The saddest, most heart-wrenching feeling in the world is the sight of someone you love going in the opposite direction as you in life. Sometimes things are simply not working.
Maybe they want to live in the country, and you want to live in the city. They go to school here, and you go to school there. They won’t leave, but something in you knows that you have to.
The reality of it is, you love this person with your whole heart, but sometimes love just isn’t enough.
For my dearest love,
You have become a part of me, a part of my heart, a piece of my insides that I can’t bear to think of living without. My love for you runs so very deep. Our lives have intertwined so much that nothing makes sense without you. Life doesn’t make sense without you. I don’t make sense without you.
I could stay and love you. I could stay and be your partner, be your forever, be your happily-ever-after. But there would always be a missing piece inside of me. A piece that will always question if I did the right thing by staying and loving you, by not trying to take on the world on my own, by not taking the risk.
There is something out there for me, I just know it. There is magic and stardust and adventure and excitement. There is something pulling me away. Something telling me not to settle down here and stay complacent with this life. Though you are here, I know that there is more than just this.

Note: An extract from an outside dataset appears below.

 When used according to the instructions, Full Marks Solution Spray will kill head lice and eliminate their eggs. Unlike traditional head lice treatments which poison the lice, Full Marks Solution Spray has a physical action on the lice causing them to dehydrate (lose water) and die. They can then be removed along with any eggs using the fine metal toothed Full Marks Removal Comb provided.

It pains me to think of life without you. It rips me apart and makes me feel broken, but there is something telling me that this isn’t right and that it’s time for us to part ways.
I could stay and love you, my dearest love, but I have to go. You have to let me go. Because if you don’t, our lives will become filled with resentment and “what-ifs.” And isn’t it better to leave us beautifully happy like this?

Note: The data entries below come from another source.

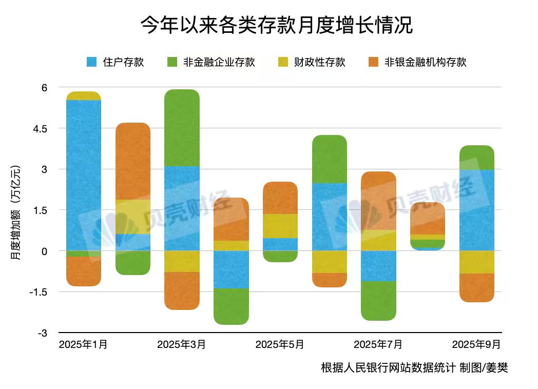 9月人民币存款中,住户存款大涨2.96万亿元,非金融企业存款增加9194亿元。财政性存款和非银金融机构存款分别减少8400亿元和1.06万亿元。
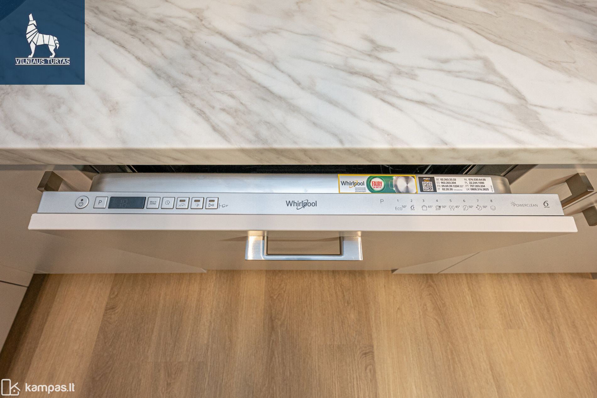 * Pilnai įrengta virtuvė (šaldytuvas, orkaitė, indaplovė, skalbimo mašina, gartraukis);
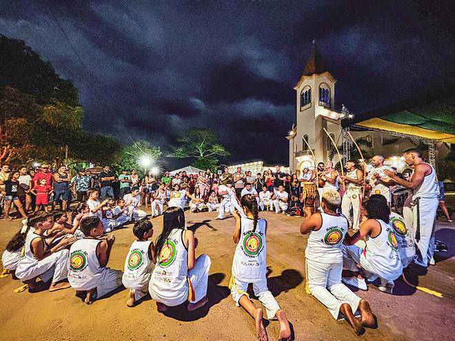 No começo da noite, a cultura afro-brasileira foi celebrada com uma roda de capoeira organizada pelo grupo Senzala. O prefeito Maxsuel Maia também participou da roda, mostrando apoio e valorização às manifestações culturais que enriquecem a diversidade da cidade.

I know that one day I may look back and question if I did the right thing, I might question if I left the best thing that ever happened to me go. I am willing to take that risk.
I am not someone's storybook ending, I am not in a fairytale, I am not anyone's happily-ever-after.
I am simply someone who wants to explore and see more of this incredibly exciting life before I stay here and live this life with you.
Perhaps one day the Universe will cross our paths. Perhaps we will find each other again.
I could stay and love you, but for now, my darling, I must go.